The CFS and Fibro communities seem to spend a great deal of energy debating definitions and inclusion and exclusion criteria, but from my study of it I think at a very oversimplified level the hallmark symptom of CFS now is considered to be some form of cognitive impairment as well as post-exertional fatigue, and the hallmark symptom of Fibro is considered to be widespread pain.
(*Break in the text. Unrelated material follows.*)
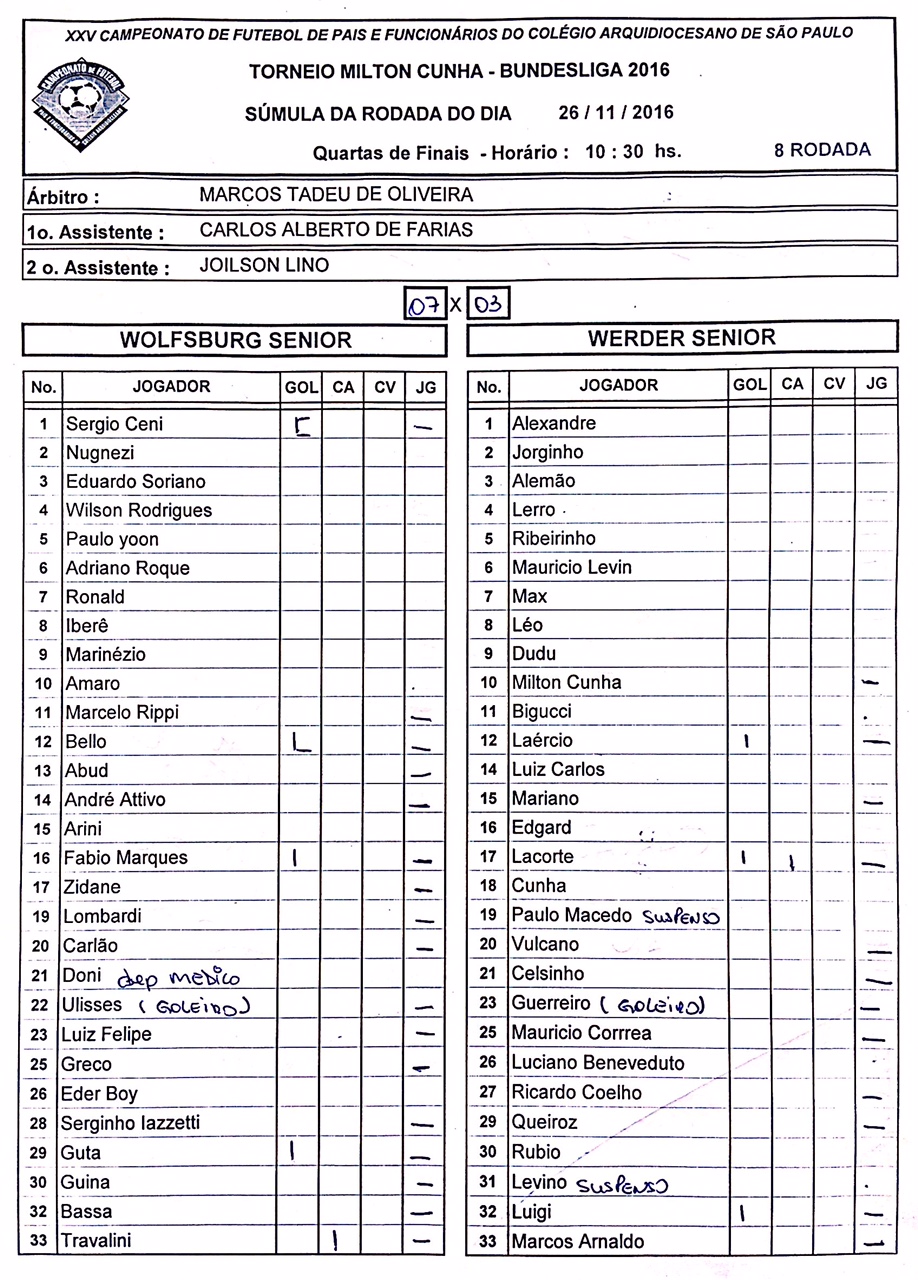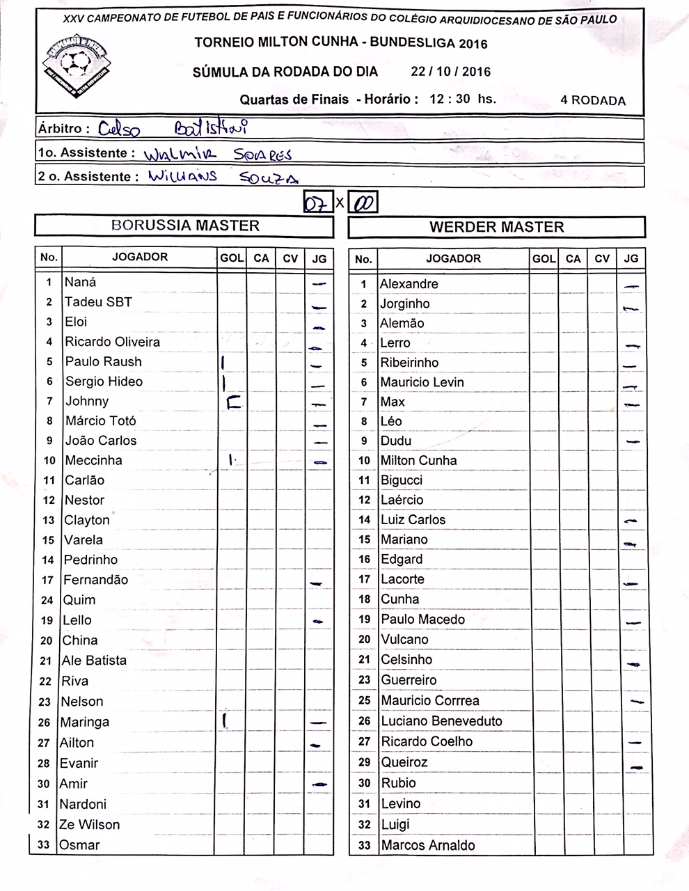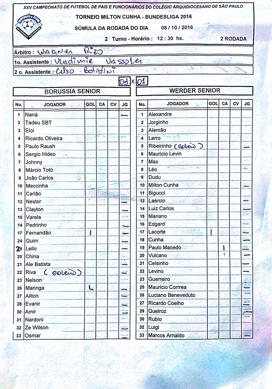 12:30 Borussia Senior 3 X 1 Werder Senior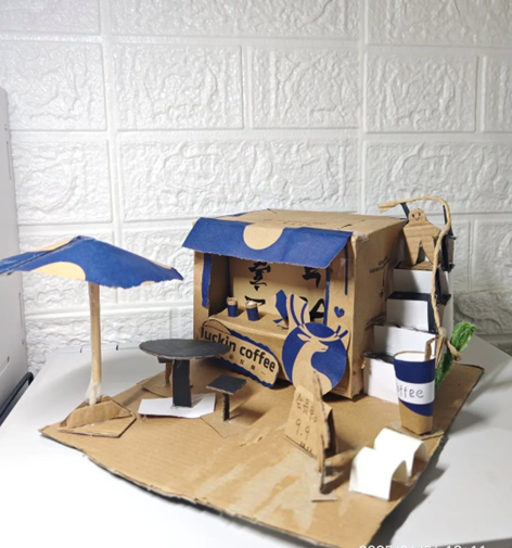 制作过程践行环保理念,将喝完咖啡后的纸壳回收再利用,通过剪裁、粘贴、组装等步骤,把废弃材料变成精致有趣的微景观。它不仅展现了手工制作的魅力,更传递了变废为宝的环保意识,让人在欣赏作品时,也能感受到创意与环保碰撞出的独特火花。

As far as the TMS question goes, I don't pretend to have any special insight, but one thing that bothers me about assigning a completely psychogenic cause to CFS is that an awful lot of sufferers seem to have a viral onset. At the same time, it seems unwise for the CFS community to rule out the possibility that emotional stressors can play a role, or at least that mindbody treatments can help. The answer to my mind cannot lie 100 percent in supplement regimes and microanalyzing methylation SNPs and finding the right ratio of the various forms of B12 and whatever.

 

When I got the "clinical depression" dx, I was reading my Sarno, and came to the realization that my symptoms could just as well be dx'ed as fibro and chronic fatigue depending on which doctor specialist I might go to. I had physical symptoms of pain sensitivity everywhere, and I was tired all the time. My feeling is that giving fibro and cf a physical cause, it is more acceptable then calling it depression, which is a TMS affective symptom. I now see many commercials on TV of actors happily romping around after swallowing a pill. I did a little research on cf and found out it was first found (or invented) at Incline Village, Nevada. It's a very nice place on the north shore of Lake Tahoe--where a lot of people have too much time on their hands.

 

One difficulty with CFS with its imprecise definition(s) and lack of a clear diagnostic test or even biomarker is that a broad range of people get diagnosed with it, or self-diagnose, and some probably do have primarily a psycho-physiological illness. But that doesn't mean there isn't a group of very sick people who have a primarily viral or other immunological illness. In my opinion TMS people need to be circumspect about painting with too broad a brush or categorically diagnosing others. That old saying that we love to apply to people who misdiagnose back pain, to someone with a hammer everything looks like a nail, works both ways.